Im an INTJ and I'm not gonna lie, Im a dick. I know I am but when i try to make friends with other ppl I feel like I'm being overly nice. I know i think way out of the box. Like think your distance from the box and then cube that...(see what i mean).Im cool though, I can make small talk, I know how to get laid (Im a guy what more did you expect?), and I can fake being nice until I actually find a reason to be interested in you (all it takes is common ground). But when i try to be your friend and (especially when i talk to you because we have the same personality type) I definitely feel like i fit the INTJ mold.... maybe its because Im a type 8, or maybe I'm just a really big dick, but I would like to make some friends on this site that have a fucked up sense of humour as well.


----------



## Promethea (Aug 24, 2009)

Keirvega said:


> I know how to get laid.


Can you tell me how to? Thnx.


----------



## SpaceCadette (Apr 29, 2010)

Promethea said:


> Can you tell me how to? Thnx.


Well first Promethea you have to be an ENFP. Then meet a sexy INTJ, and not really notice that he thinks you're smokin'. Then he falls madly in love with your free-spirit and envies your lack of emotional barriers. He will then decide that he cannot live without worshipping and screwing you every chance he gets, but only after going through a mass transformation of self to attempt to be -less- dick-ish, inspired of course by said muse - ENFP.

Hope this helps.


----------



## MuChApArAdOx (Jan 24, 2011)

Keirvega said:


> Im an INTJ and I'm not gonna lie, Im a dick. I know I am but when i try to make friends with other ppl I feel like I'm being overly nice. I know i think way out of the box. Like think your distance from the box and then cube that...(see what i mean).Im cool though, I can make small talk, I know how to get laid (Im a guy what more did you expect?),* and I can fake being nice until I actually find a reason to be interested in you *(all it takes is common ground). But when i try to be your friend and (especially when i talk to you because we have the same personality type) I definitely feel like i fit the INTJ mold.... maybe its because Im a type 8, or maybe I'm just a really big dick, but I would like to make some friends on this site that have a fucked up sense of humour as well.

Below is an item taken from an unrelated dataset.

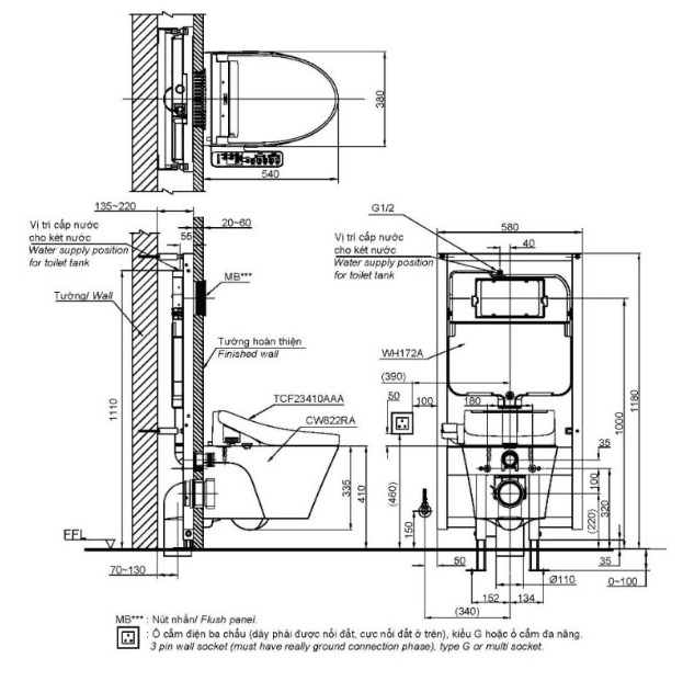 Bản vẽ Bồn Cầu TOTO CW822RA#W/TC385VS#W Treo Tường

This could be your problem , keep in mind , some types can see right through you. If they can sense this fake stance you're using in order to see if their interesting or not, they may say, see ya later!! People don't want people to be fake period. You may have better luck if your sincere about getting to know a person without having to put on a front before getting to the interesting stuff. Are you saying that people can only see the true side of you if they appear interesting ? That in itself is a bad way to communicate when getting to know people. PerC is a great place to meet and socialize. Just be yourself, if that's a dick well so be it. They're enough dicks here to go around, i'm sure you'll fit in somewhere  Talk with people, its likely they will respond regardless of their type.


----------



## Third Engine (Dec 28, 2009)

Promethea said:


> Can you tell me how to? Thnx.


Yes. For science?


----------



## Keirvega (Nov 24, 2010)

Promethea said:


> Can you tell me how to? Thnx.


Believe me its alot easier for females than it is for males. There are multiple ways to go about it, some you might agree with and others you would slap me for.


----------



## IncredibleMouse (Jul 20, 2010)

Portrait of an ESTP


----------



## Proteus (Mar 5, 2010)

Keirvega said:


> Im cool though, I can make small talk, I know how to get laid (Im a guy what more did you expect?).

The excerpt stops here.